Preview of Art exhibition Pais Vacuum and the Sense of Self curated by The Pais Polity & sold by Bhushan Bhombale

Mumbai, 11 June 2022 (UTN). When one travels up the Gondwana plateau on a cross-country train an important station on the Indian railways is the Bhusawal junction.  It is on the frontier of Madhya Pradesh.  These are ancient lands where the Bhil  tribes once held court as an animist civilization in the forests of the  Satpuda Hills, a culture eroded by successive waves of colonisation.  The station offers an omelet famous amongst passengers  and bananas from Bhusawal’s extensive banana plantations.  Apart from the railway junction Bhusawal sits in the Khandesh region an outland of Maharashtra, the people here speak a language called Ahirani, an intersection of Marathi and the Bhil language.
This diversity allows a space of belonging and alienation, in Marathi there exists a word Pais which could translate into ‘Space’. but also spatial identity, standing, a vacuum, an accent and a place to belong.One’s accent dialect and sense of belonging within rural communities is a memory that cannot be called nostalgia.  The trains that bring millions of immigrants to urban cities such as Bombay, carry immediate memories of displacement.  Immigrants then scramble to find a space in terms of accommodation and livelihood in a city.
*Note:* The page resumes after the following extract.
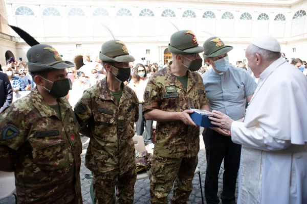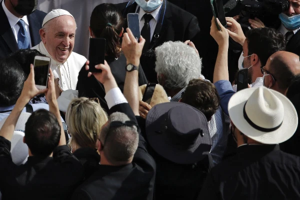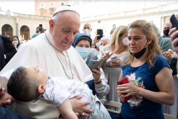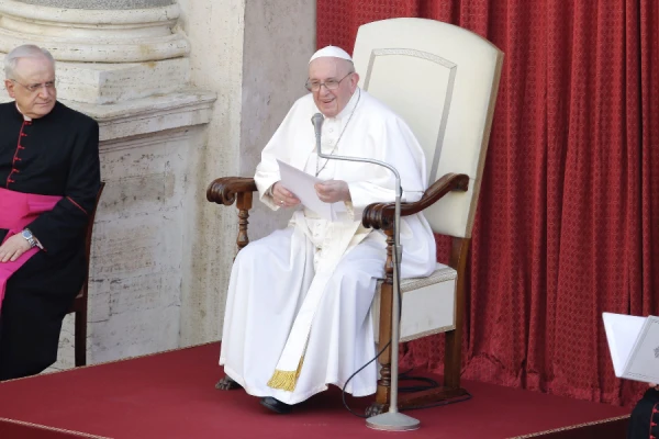 The general audience, which was held in the Vatican’s San Damaso Courtyard, was Francis’ final catechesis on prayer before starting a new theme next week.

Their cultural lives, memories and families are left behind in the villages. These aren’t pasts to be forgotten.  Rather they exist as a reminder in a void – a’ Pais’.
This duality is real and lived as they go about their quotidian lives  in the city.  “Pais” is that recurrent knowledge of a life left behind ,  intricate connections to nature,  farming,  village festivals,  rituals ,  food and family that remain unconnected to city life. Bhushan Bhombale began pursuing art as a distraction to being forced to study .  Like many rural children used elementary decoupage techniques using rice glue to make posters of superheroes and religious icons.  He worked alongside a board painter uncle on holidays in Bombay.  At home in his village his father ran a tyre garage repairing punctures.  He would repair punctures and learn the ropes by scratching the surface of the tires.
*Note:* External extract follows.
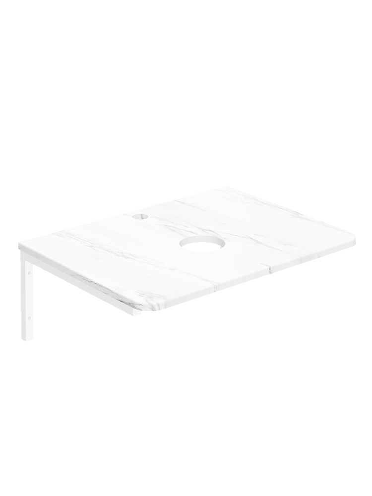 Столешница под раковину в ванную STWORKI Монтре 60 с Г-образными белыми кронштейнами, белый мрамор

Taking  discarded pieces of rubber he would stick them to make forms that he had not realized as art. He came to Bombay to study art and began expanding his early experiments with collage.  A paucity in funds made him use box-board,  discarded cloth and paper  to create void spaces as his canvases.  These images he attributes to nature –  the bunds that mark the boundaries of fields,  forms of fallen leaves and the colours seasons and temperature form with the landscape.  Having reached a city to work , study and live where rents are unaffordable, artistic life became a struggle to maintain a working practice and pay for rents which required long travels in suburban trains.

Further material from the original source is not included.